Can I buy remote MATLAB processing time?

glarrain picture glarrain · Jun 28, 2011 · Viewed 17.5k times · Source

I'm a regular user of Matlab. For a very CPU-intensive task, I need to keep my PC running for hours (or days) simulating stuff, which is a pain since I need to carry it around.

Do you know of a public website/company that allows a user to run a remote instance for as long as he wants to, and then charge the corresponding fee? I don't care where it is done, or how many cores are used or anything, I just want to run some .m files and then retrieve the output variables.

I don't think it is too difficult to implement but I just cannot find (I've googled a lot) someone to sell me this service. I know some universities have servers for this, but they are private.

Any help on this will be much appreciated.

Thanks, Germán

Answer

abcd picture abcd · Jun 28, 2011

You can try to get an account with MATLAB on the Teragrid, operated jointly by Cornell university and Purdue university. It is an NSF funded project and provides access to researchers (both academic and industrial) for free. You just need to fill out a request form and you should get an account setup in a day or two.

I have used the Teragrid for my projects and I am entirely satisfied with it. They have a good infrastructure with 64 servers w/ 8 cores each, for a total of 512 cores of processing power and 16 GB of RAM/server.

However, do note that you will have to change your workflow drastically and switch to writing distributed jobs instead of parallel (or serial jobs), which can be a pain in the initial days (if you're not used to it). They do have helpful resources for that.

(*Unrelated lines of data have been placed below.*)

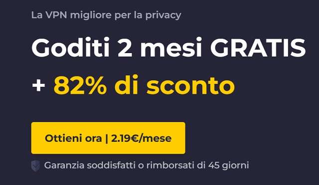 Il prezzo più basso per l’abbonamento in promozione è 1,59€ al mese. Su tutti i piani è possibile beneficiare del rimborso garantito entro 30 giorni dalla sottoscrizione, così da poter provare la VPN e la suite di sicurezza senza rischi.
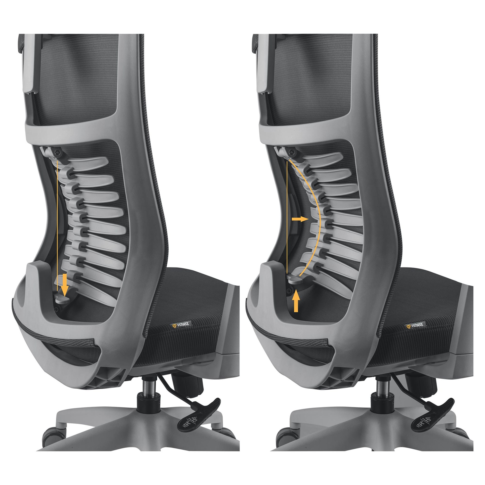 Nauka siedzenia jest bardzo ważna. W YENKEE jesteśmy świadomi, że kręgosłup lędźwiowy najbardziej cierpi z powodu długotrwałego i nieprawidłowego siedzenia. Nieprawidłowa postawa podczas siedzenia powoduje przede wszystkim bóle pleców, kręgosłupa i głowy. Dzięki unikalnej konstrukcji regulowanego podparcia lędźwiowego składającego się z 9 dwuskrzydłowych podpór pleców, uzyskasz właściwą postawę ciała. Podporządkowują się one kształtowi pleców i zapewniają 4 poziomy nacisku, wspierając kręgosłup i mięśnie pleców we wszystkich kierunkach. Z krzesłem biurowym FISHBONE nauczysz się prawidłowo i wygodnie siedzieć.
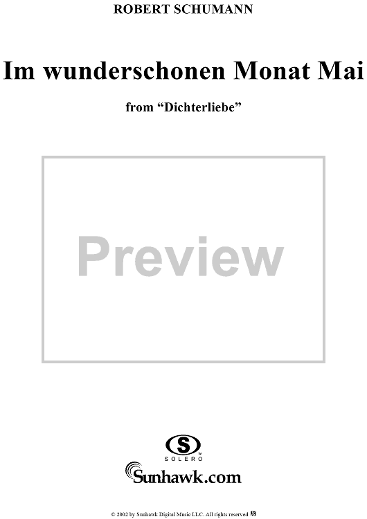 Digital Sheet Music for Dichterliebe (Song Cycle), Op. 48, No. 01: Im wunderschönen Monat Mai - No. 1 from "Dichterliebe" Op. 48 by Robert Schumann, Heinrich Heine scored for Voice/Piano; id:257109
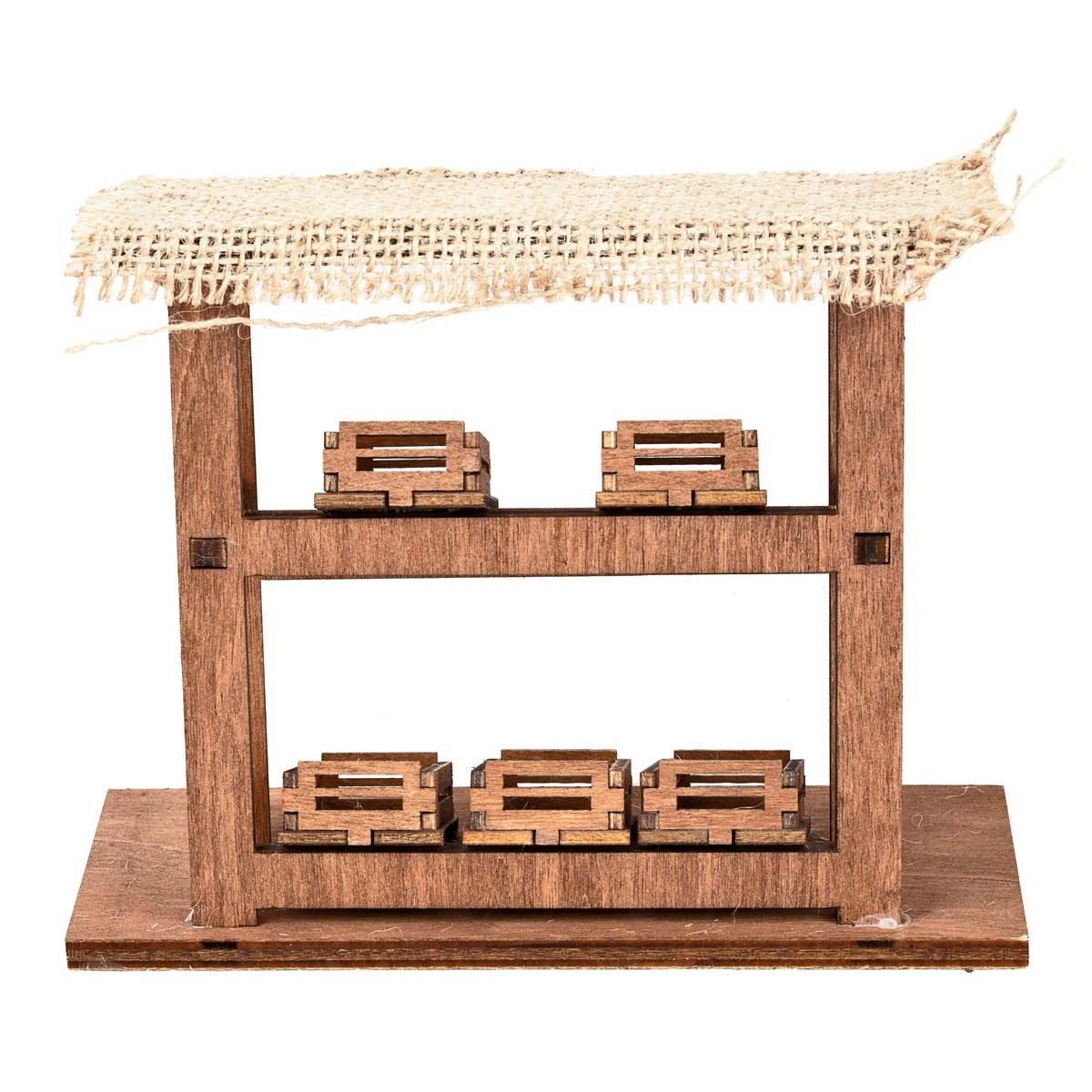 Bancarella in legno composta da cassette inclinate disposte su due livelli, con copertura in tessuto grezzo effetto juta. La struttura, interamente realizzata in legno, è adatta per realizzare ambientazioni da mercato o bottega.

Also important when working with shared resources is the concept of "wall time", which also directly relates to how long your job stays in the queue. Wall time is basically how long a single task takes to run. In order to set a sufficient wall time, you must be intricately familiar with your code's complexity (number of operations, etc) so that you don't under estimate the time required (tasks are terminated if they exceed wall time!). On the other hand, you don't want to be too lax and choose a high wall time, because then your job will stay longer in the queue. In other words, you can't just set a wall time of 7 days just to be safe, because the scheduler will make you wait till a resource can be freed for 7 days (once you access a core, it's yours and yours only), which is close to never.